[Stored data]
····················

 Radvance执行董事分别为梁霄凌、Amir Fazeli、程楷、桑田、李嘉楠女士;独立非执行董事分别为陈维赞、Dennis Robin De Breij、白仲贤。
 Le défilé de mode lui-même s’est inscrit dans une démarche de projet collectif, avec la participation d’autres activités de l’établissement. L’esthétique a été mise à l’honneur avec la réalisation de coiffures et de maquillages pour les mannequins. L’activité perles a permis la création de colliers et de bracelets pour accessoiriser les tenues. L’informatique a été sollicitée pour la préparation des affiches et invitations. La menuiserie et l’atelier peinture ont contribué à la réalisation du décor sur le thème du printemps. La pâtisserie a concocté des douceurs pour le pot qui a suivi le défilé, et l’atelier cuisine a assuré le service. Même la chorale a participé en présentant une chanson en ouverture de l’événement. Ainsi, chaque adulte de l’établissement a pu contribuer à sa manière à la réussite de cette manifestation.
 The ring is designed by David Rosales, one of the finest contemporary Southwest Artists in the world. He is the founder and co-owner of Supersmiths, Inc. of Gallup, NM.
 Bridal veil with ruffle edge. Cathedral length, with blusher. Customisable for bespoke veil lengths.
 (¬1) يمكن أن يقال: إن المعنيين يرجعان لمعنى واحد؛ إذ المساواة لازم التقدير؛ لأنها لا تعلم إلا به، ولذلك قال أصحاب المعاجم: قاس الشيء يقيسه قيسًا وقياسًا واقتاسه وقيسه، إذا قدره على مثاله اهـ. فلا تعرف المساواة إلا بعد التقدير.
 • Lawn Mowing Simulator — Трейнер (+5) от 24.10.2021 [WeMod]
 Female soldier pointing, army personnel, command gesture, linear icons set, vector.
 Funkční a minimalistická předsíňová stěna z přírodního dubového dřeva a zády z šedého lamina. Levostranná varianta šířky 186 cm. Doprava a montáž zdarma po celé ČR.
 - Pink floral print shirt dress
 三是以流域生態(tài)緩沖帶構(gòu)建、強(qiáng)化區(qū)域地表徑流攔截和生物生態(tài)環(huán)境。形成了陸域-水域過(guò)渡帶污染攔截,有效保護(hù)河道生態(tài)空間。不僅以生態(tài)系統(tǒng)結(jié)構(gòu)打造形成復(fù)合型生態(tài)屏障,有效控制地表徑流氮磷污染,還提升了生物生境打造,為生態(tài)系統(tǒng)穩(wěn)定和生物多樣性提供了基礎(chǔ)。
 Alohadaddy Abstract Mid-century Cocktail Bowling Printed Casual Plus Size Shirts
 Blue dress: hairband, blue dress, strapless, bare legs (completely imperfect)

····················

> _EXERCISE PROMPT_
Please print the lines from the start of the records up to and including the line with "Le défilé de", copying each one exactly and leaving out the rest.

> _SOLUTION TO THE EXERCISE_
 Radvance执行董事分别为梁霄凌、Amir Fazeli、程楷、桑田、李嘉楠女士;独立非执行董事分别为陈维赞、Dennis Robin De Breij、白仲贤。
 Le défilé de mode lui-même s’est inscrit dans une démarche de projet collectif, avec la participation d’autres activités de l’établissement. L’esthétique a été mise à l’honneur avec la réalisation de coiffures et de maquillages pour les mannequins. L’activité perles a permis la création de colliers et de bracelets pour accessoiriser les tenues. L’informatique a été sollicitée pour la préparation des affiches et invitations. La menuiserie et l’atelier peinture ont contribué à la réalisation du décor sur le thème du printemps. La pâtisserie a concocté des douceurs pour le pot qui a suivi le défilé, et l’atelier cuisine a assuré le service. Même la chorale a participé en présentant une chanson en ouverture de l’événement. Ainsi, chaque adulte de l’établissement a pu contribuer à sa manière à la réussite de cette manifestation.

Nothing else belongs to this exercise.